CAUM Model Architecture

Part 1. Candi-SelfAtt Module (Long Term Interest Modeling)

首先是 Candi-SelfAtt Module,新聞點擊的 Long-range context 通常可以為推斷 global user interests 提供重要的信息。此外,不同的遠程行為上下文對於捕捉不同的全球用戶興趣通常具有不同的重要性(所以需要 Attention)。

第一步,套用 Multi-Head Self-Attention (MHA) 在用戶的歷史點擊紀錄。我們一開始會得到每個 User 的 Clicked news representation [C1, C2, …, CN],接著我們會把每篇新聞都先經過一個 Linear transformation (Qu),來得到 Query Term / Query Matrix。那同時原先的 Clicked News 也會過一個 Linear transformation (Wr),得到 Temporary clicked news representation。接著就是把 Query 跟這個 Temporary clicked news representation 去做內積運算,得到第 i 篇歷史點擊新聞跟第 j 篇歷史點擊新聞的 Attention scores。

第二步,把 Candidate news (nc) 納入考量,過一個 Linear transformation (Qc),來得到 Query Term / Query Matrix (qc)。一樣把 Query 跟剛剛算的 Temporary clicked news representations 去做內積運算,得到這篇 Candidate news 跟第 j 篇歷史點擊新聞的 Attention scores,然後把這個 Attention scores 加上去剛剛第一步算出來的 Attention scores 得到最終的 Attention Scores。

第三步,根據前兩步算出來的 Attention Scores 來做 Attention Pooling,將結果再過一層的 Linear transformation (Wo),得到第 k 個 head 的 Output news representation (li_k)。

上述的東西我們都會分成很多 head 來做,最後會把 K 個 head 的 Output Representation 給 Concat 起來得到最終的 News representation, li, i from 1 to N → [l1, l2, l3, …, lN]。

說白了,這塊在做的事情就把除了 Clicked News 自身之外還把 Candidate News 抓進來當 Query 然後做 Attention 得到 News representation。

Part 2. Candi-CNN Module (Short Term Interest Modeling)

再來第二部分是 Candi-CNN Module,看到 CNN 運用在這很明顯可以知道他在抓的是 Local Contexts。

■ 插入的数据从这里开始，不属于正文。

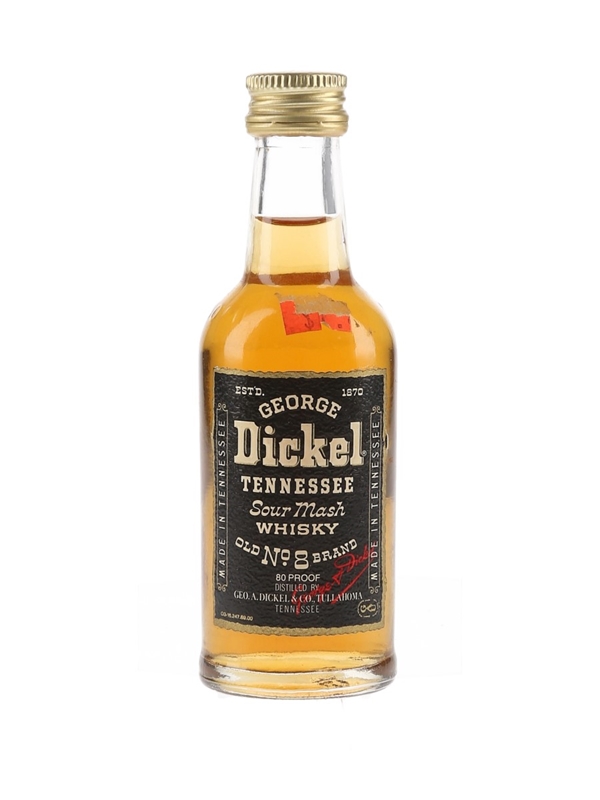 A miniature bottle of George Dickel Tennessee Sour Mash Old No. 8 Brand, distilled by Geo A Dickel & Co., we estimate in the 1970s.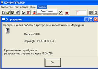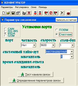 счетчика считывается программой в начале обмена и используется при анализе возможности выполнения тех или иных операций со счетчиком. Если запрашиваемый вид операций для данного типа и варианта исполнения счетчика недоступен - программой выдается соответствующее сообщение для информирования пользователя.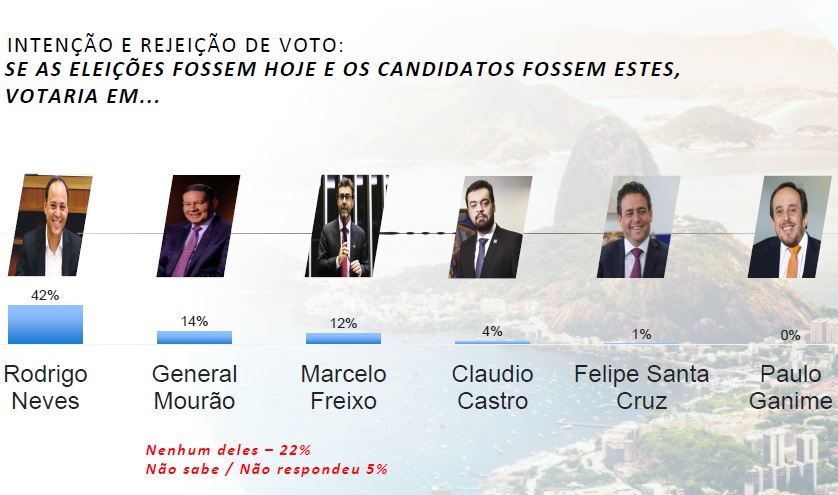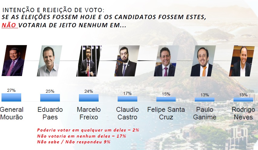 O Gerp também apresentou aos entrevistados um lista de nomes para avaliar a rejeição dos eleitores aos possíveis candidatos. O general Hamílton Mourão lidera a lista, com 27%, seguido do prefeito do Rio, Eduardo Paes (25%), ded Marcelo Freixo (24%), Cláudio Castro (17%), Felipe Santa Cruz (15%) e, por último, Paulo Ganime e Rodrigo Neves empatados com 13%.

但這邊他的手法比較特別的是會引入 Candidate News 來做。

第一步,設定 CNN Window Size = 2h+1,即對於第 i-th 篇的歷史點擊新聞,我們會一起看他左邊 h 篇新聞以及右邊 h 篇新聞,以及 Candidate news nc 來得到第 i-th 篇的 local contextual representation si。Wc 就是 CNN Filter 的 Weight,掃完整排的歷史典籍新聞後會得到 [s1, s2, …, sN]。

第二步,把第一個 Candi-SelfAtt Module 跟當前這個 Candi-CNN Module 的產出,分別為 li & si, i from 1 to N,兩者做結合。先把 si & li 做 Concat 再過 Linear transformation (Pm) 得到 mi,這個 mi 就是每篇歷史點擊新聞的 News representation。

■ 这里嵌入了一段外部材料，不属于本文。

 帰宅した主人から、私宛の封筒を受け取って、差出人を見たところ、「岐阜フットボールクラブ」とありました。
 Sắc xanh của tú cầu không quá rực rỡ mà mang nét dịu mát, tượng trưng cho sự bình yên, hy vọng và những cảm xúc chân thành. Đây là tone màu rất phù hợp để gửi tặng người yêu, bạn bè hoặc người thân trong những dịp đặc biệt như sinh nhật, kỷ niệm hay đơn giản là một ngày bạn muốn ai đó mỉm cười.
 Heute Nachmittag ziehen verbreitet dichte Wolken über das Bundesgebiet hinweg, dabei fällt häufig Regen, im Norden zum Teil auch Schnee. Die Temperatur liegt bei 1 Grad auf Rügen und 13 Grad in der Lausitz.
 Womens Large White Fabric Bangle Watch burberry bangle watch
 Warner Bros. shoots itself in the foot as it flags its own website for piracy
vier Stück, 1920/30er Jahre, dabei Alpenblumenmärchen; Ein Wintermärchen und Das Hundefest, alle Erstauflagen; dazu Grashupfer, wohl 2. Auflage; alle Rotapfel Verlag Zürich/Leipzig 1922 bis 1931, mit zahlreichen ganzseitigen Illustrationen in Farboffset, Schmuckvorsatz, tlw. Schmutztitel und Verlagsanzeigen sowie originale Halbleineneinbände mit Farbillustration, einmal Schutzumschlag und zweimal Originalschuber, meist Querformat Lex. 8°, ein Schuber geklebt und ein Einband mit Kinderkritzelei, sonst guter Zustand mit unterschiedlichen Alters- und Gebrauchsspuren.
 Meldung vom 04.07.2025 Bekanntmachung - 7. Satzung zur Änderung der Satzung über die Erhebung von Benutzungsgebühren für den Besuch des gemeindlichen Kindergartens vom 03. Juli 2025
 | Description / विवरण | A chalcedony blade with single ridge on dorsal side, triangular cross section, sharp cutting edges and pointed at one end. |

Part 3. Candi-Attention Module

第三部分,在做的事情很簡單,就是把剛剛生成的每篇歷史點擊新聞的 News representation (mi),做 Attention Pooling 得到 User representation (u)。而 Attention Score 的計算是來自於這第 i-th 篇的歷史點擊新聞 mi 跟 Candidate news nc 他們之間的 Similarity (Φ is an MLP network)。

Part 4. News Encoder & Interest Matching

最後,透過 BPR Loss 的方法來更新模型參數,直到收斂。

Training Details: In CAUM, dimensions of both news and user interest representations are set to 400.Candi-SelfAtt contains 20 attention heads, and output vectors of each head are 20-dimensional. Candi-CNN contains 400 filters and window size is set to 3. We train CAUM 3 epochs via Adam with 5e-5 learning rate. All hyper-parameters of CAUM and other baseline methods are selected based on the validation dataset.

Experiments

Ablation Study

First, adding one of Candi-SelfAtt and Candi-CNN significantly improves the performance of Base. This result verifies that Candi-SelfAtt and Candi-CNN can effectively exploit behavior contexts to capture global and short-term user interests that are informative for matching the candidate news, respectively. Second, CAUM outperforms both Base+CandiCNN and Base+Candi-SelfAtt. This is because candidate-aware user interest modeling is important for both global and short-term user interest.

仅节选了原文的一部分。